"Kenapa tuh bocah? Tumben jadi pendiam?" Tanya Novi yang baru saja datang ke kelas. Sebenarnya dia juga cukup kaget melihat Zea sudah ada di kelas sepagi ini. Padahal dia selalu saja datangnya pas banget bel berbunyi. Tapi, sejak Bunda gadis itu meninggal, dia jadi lebih rajin dan sedikit berubah.
Mia menunjuk pipi nya, "Sakit gigi." Jawab nya tanpa bersuara. Novi mengangguk mengerti, ia menoleh ke depannya, tepat kepada punggung Liam. Laki-laki itu hanya menunduk. Melihatnya dia seperti ada aura suram di sekitarnya. Aneh.
"Si Liam kenapa?" Bisik Novi pada Mia yang kembali membaca komik. Gadis yang di tanya itu mendongak, menatap Liam sekilas dan kembali menunduk. Membaca.
"Baru masuk dia udah begitu, gak tau kenapa, mungkin karena Zea gak ngucapin selamat pagi kayak biasanya," Jawab Mia dengan santai dan tidak peduli jika dua orang yang duduk di depannya mendengar suaranya.
Telinga Liam memerah. Ia langsung menelungkupkan wajahnya di sela kedua tangannya yang ia lipat di atas meja.
Sedangkan Zea yang tidak mood karena sakit gigi tidak mendengarkan hal itu. Ia yang dari tadi menelungkupkan wajahnya seperti Liam itu. Merintih pelan. Sakit. Rasanya ia tidak mau masuk sekolah, tapi sebentar lagi ujian. Ia tidak boleh bolos terus. Nilainya harus stabil dan meningkat. Jika turun, ia tidak akan bisa masuk universitas yang ia inginkan.

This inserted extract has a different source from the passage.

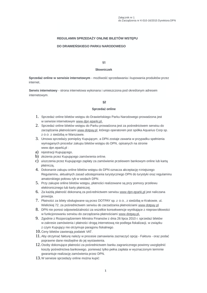 Załącznik nr 1 do Zarządzenia nr K-010-16/2015 Dyrektora DPN REGULAMIN SPRZEDAŻY ONLlNE BILETÓW WSTĘPU DO DRAWIEŃSKIEGO PARKU NARODOWEGO §1 Słowniczek Sprzedaż online w serwisie internetowym - możliwość sprzedawania i kupowania produktów przez internet. Serwis internetowy - strona internetowa wykonana i umieszczona pod określonym adresem internetowym. §2 Sprzedaż online 1. Sprzedaż online biletów wstępu do Drawieńskiego Parku Narodowego prowadzona jest w serwisie internetowym www.dpn.eparki.pl. 2. Sprzedaż online biletów wstępu do Parku prowadzona jest za pośrednictwem serwisu do zarządzania płatnościami www.dotpay.pl. którego operatorem jest spółka Aquarius Corp sp. z 0.0. z siedzibą w Warszawie. 3. Umowa sprzedaży pomiędzy Kupującym, a DPN zostaje zawarta w przypadku spełnienia wymaganych procedur zakupu biletów wstępu do DPN, opisanych na stronie www.dpn.eparkLpl : a) rejestracji Kupującego, b) złożenia przez Kupującego zamówienia online, c) uiszczenia przez Kupującego zapłaty za zamówienie przelewem bankowym online lub kartą płatniczą, 4. Dokonanie zakupu online biletów wstępu do DPN oznacza akceptację niniejszego Regulaminu, aktualnych zasad udostępniania turystycznego DPN do turystyki oraz regulaminu amatorskiego połowu ryb w wodach DPN. 5. Przy zakupie online biletów wstępu, płatności realizowane są przy pomocy przelewu elektronicznego lub karty płatniczej. 6. Za każdą płatność dokonaną za pośrednictwem serwisu www.dpn.eparki.pl jest naliczana prowizja. 7. Płatności za bilety obsługiwane są przez DOTPAY sp. z 0.0., z siedzibą w Krakowie, ul. Wielickiej 72, za pośrednictwem serwisu do zarzadzania płatnościami www.dotpay.pl 8. DPN nie ponosi odpowiedzialności za wszelkie konsekwencje wynikające z niepraw idłowości w funkcjonowaniu serwisu do zarządzania płatnościami www.dotpay.pl. 9. Zgodnie z Rozporządzeniem Ministra Finansów z dnia 26 lipca 2010 r. sprzedaż biletów w zakresie zamówienia i płatności drogą internetową nie podlega fiskalizacji, w związku z czym Kupujący nie otrzymuje paragonu fiskalnego. 10. Ceny biletów zawierają podatek VAT. 11. Aby otrzymać fakturę należy w procesie zamawiania zaznaczyć opcję - Faktura - oraz podać poprawne dane niezbędne do jej wystawienia. 12. Osoby dokonujące płatności za pośrednictwem banku zagranicznego powinny uwzględnić koszty pośrednictwa bankowego, ponieważ tylko pełna zapłata w wyznaczonym terminie gwarantuje realizację zamówienia przez DPN. 13. W serwisie sprzedaży online można kupić: 1 Załącznik nr 1 do Zarządzenia nr K-OIO-16j2015 Dyrektora DPN 1) indywidualne bilety wstępu (normalne i ulgowe), które są imienne (podczas kontroli należy okazać bilet wstępu, dokument tożsamości oraz w przypadku osób korzystających z ulgi dokument urzędowy potwierdzający możliwość jej zastosowania) . 2) zbiorowe bilety wstępu (jeden bilet może dotyczyć max 20 osób); bilet zbiorowy jest biletem imiennym zawierającym imiona i nazwiska osób upoważnionych (podczas kontroli osoby upoważnione, których nazwiska znajdują się na bilecie, zobowiązane są okazać bilet wstępu, dokument tożsamości oraz w przypadku osób korzystających z ulgi dokument urzędowy potwierdzający możliwość jej zastosowania). 3) indywidualne bilety wstępu, zwane licencją wędkarską (podczas kontroli należy okazać bilet wstępu, kartę wędkarza oraz rejestr połowów). 14. Bilety imienne (wyjątek stanowi licencja wędkarska) bez dowodu tożsamości oraz dokumentu urzędowego potwierdzającego możliwość zastosowania ulgi - są nieważne. 15. DPN zastrzega sobie możliwość zakończenia sprzedaży online w każdej chwili, bez podawania przyczyn. 16. DPN nie ponosi odpowiedzialności za skutki podania nieprawdziwych lub błędnych danych w formularzu zamówienia. §3 Reklamacje, zwrot i wymiana biletów 1. 2. 3. 4. 5. 6. W uzasadnionym przypadku, DPN przyjmować będzie zwroty biletów oraz dokonywać zwrotu wpłaconej kwoty. Zwrot biletu może być dokonany wyłącznie w formie elektronicznej poprzez wybranie funkcji "Zgłoś problem" znajdującej się w serwisie www.dpn.eparki .pl i złożenie reklamacji. W przypadku rozpatrzenia reklamacji na korzyść Kupującego, DPN dokonuje zwrotu wpłaconej kwoty, z zastrzeżeniem ust.3 §3 niniejszego Regulaminu. W przypadku zwrotu biletu, Kupującemu przysługuje zwrot wpłaconej kwoty pomniejszonej do: 1) 40% w przypadku zwrotu biletu na czas minimum 40 dni przed dniem , w którym bilet miał być wykorzystany, 2) 60% w przypadku zwrotu biletu na czas od 21 do 39 dni przed dniem , w którym bilet miał być wykorzystany, 3) 80% w przypadku zwrotu biletu na czas poniżej 21 dni przed dniem, w którym bilet miał być wykorzystany. Bilety niewykorzystane, które utraciły ważność nie podlegają zwrotowi ani zmianie terminu. Nie ma możliwości zmiany terminu obowiązywania biletów wstępu . Wszelkie reklamacje dotyczące zakupionych biletów wymagają zgłoszen ia w ciągu dwóch dni roboczych od momentu zakupu biletów, poprzez wybranie funkcji "Zgłoś problem" znajdującej się na stronie www.dpn.eparki .pl i złożenie reklamacji. Reklamacje będą rozpatrywane niezwłocznie, nie później jednak niż w ciągu 14 dni roboczych od dnia wpłynięcia reklamacji. §4 Ochrona danych Kupującego 1. 2. Poprzez rejestrację w serwisie sprzedaży online, Kupujący wyraża zgodę na przechowywanie i przetwarzanie przez operatora danych osobowych Kupującego w celu realizacji zamówien ia, niezbędnego kontaktu z Kupującym oraz w celu wszelkich działań niezbędnych do funkcjonowania serwisie sprzedaży biletów. Wszelkie dane osobowe otrzymywane przez operatora w ramach sprzedaży biletów wstępu do DPN mogą być wykorzystywane wyłącznie w celach przekazywania informacji o 2 Załącznik nr 1 do Zarządzenia nr K-010-16j2015 Dyrektora DPN 3. 4. imprezach i promocjach oferowanych przez

Ia harus berhasil menjadi dokter dan membuat Bundanya bangga di alam sana. Walaupun ia tidak bisa menyelamatkan Bundanya, yang terpenting, ia bisa menyelamatkan orang-orang di luar sana yang sakit.
Para murid yang baru datang menaikkan alis mereka, heran melihat Zea tampak tidak pecicilan dan bawel.
"Mereka kenapa?" Tanya Rasa. Mia meringis, Rasa adalah orang ke dua belas yang bertanya seperti itu.
"Zea sakit gigi," Tanpa bersuara Mia menunjuk pipinya sendiri. Ia sengaja tidak bersuara ketika memberi tahu Zea sakit gigi. Agar Liam salah paham dan merasa bersalah karena sudah menolak Zea.
Benar saja, Liam sedang mode overthinking. Zea marah? Gak mungkin. Katanya dia gak marah. Tapi, kenapa diam aja? Apa gue tegur duluan ya? Gak! Jangan bikin dia gak nyaman. Gak pa-pa Liam, tahan...tahan...
Sampai menjelang pulang sekolah, Zea tetap di mode pendiam. Raut wajahnya tidak baik. Suram. Auranya seperti mengatakan jangan menganggu dirinya.
Bel berbunyi, pertanda waktunya pulang sekolah. Liam melirik Zea yang memasukkan buku-buku ke dalam tas nya. Menguatkan tekadnya, Liam bertanya, "Zea, lo baik-baik aja?" Tanya Liam dengan raut wajah sedikit khawatir.
Zea mendongak dan menggeleng.
"Kenapa?"
Zea menunjuk pipinya dan bergumam pelan, "Sakit gigi." Liam mengerjapkan matanya, ia sedikit lega karena Zea tidak marah padanya.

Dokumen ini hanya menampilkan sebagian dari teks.